Hi all,
I am working with frequency data where the response variable consists of 500 observations for the affinity of the population of a town to one of two, larger population clusters. There are 500 different towns. Values at or closer to zero represent greater affinity to the larger “A” population. Values at or closer to one represent greater affinity to the larger “B” population. The explanatory variables consist of four two-level categorical variables. These variables represent administrative borders where a “0” value means that the given town was on the A side of the administrative border. A value of “1” means that the given town was on the B side of the administrative border. I am interested in whether which side of the border a town falls on can explain the population affinity of that town.
I have fit a zero-one beta regression model to the data.
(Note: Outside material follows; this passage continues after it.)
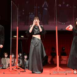 Z世代のバイブル的ホラー「カラダ探し」を実写化した本作は、抗うすべなく“赤い人”へと立ち向かう毎日をループする6人の高校生の姿を描く。この日、一同は劇中で6人を追い続ける恐怖の存在“赤い人”にちなんだレッドステージのランウェイを闊歩した。主人公・森崎明日香を演じた橋本は「なかなか、ジャパンプレミアみたいなイベントはあっても、ランウェイを歩いて真ん中に来るみたいな演出はなかったので、ちょっとドギマギしました。ちょっと恥ずかしい部分が。照れながらも歩かせていただいたんですけど、皆さんに360度から見守られながら。360度を意識しながら話していきたいなと思っております」とにっこり。
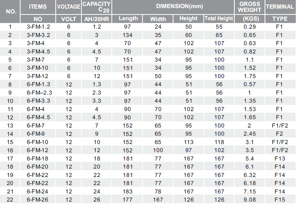 Valve Regulated Lead Acid Battery Model:6-FM-26

Initial model runs using default brms priors had very long computation times and a lot of divergent transitions. I “solved” this by setting a normal prior to the condition-one inflation parameter. Given that the data mostly consists of counts of 0s and 1s, I specified an informed prior on the mu parameter of the “non-zero” and “none-one” frequencies. This was a normal prior with a mean and standard deviation equal to the mean and standard deviation of the actual “non-zero” and “non-one” frequencies.
My questions are these: (1) is this an appropriate statistical model for data such as these? (2) if it is appropriate, are the priors correctly specified (I am not a statistician but I have the feeling that the priors I used are inappropriate), and (3) how can I evaluate model performance given that LOO isn’t appropriate (as far as I know) for models with a zero-inflation component.
The below R code generates data and fits a model that replicates my actual data and model. I am not in a position to share the actual data.
Thank you in advance!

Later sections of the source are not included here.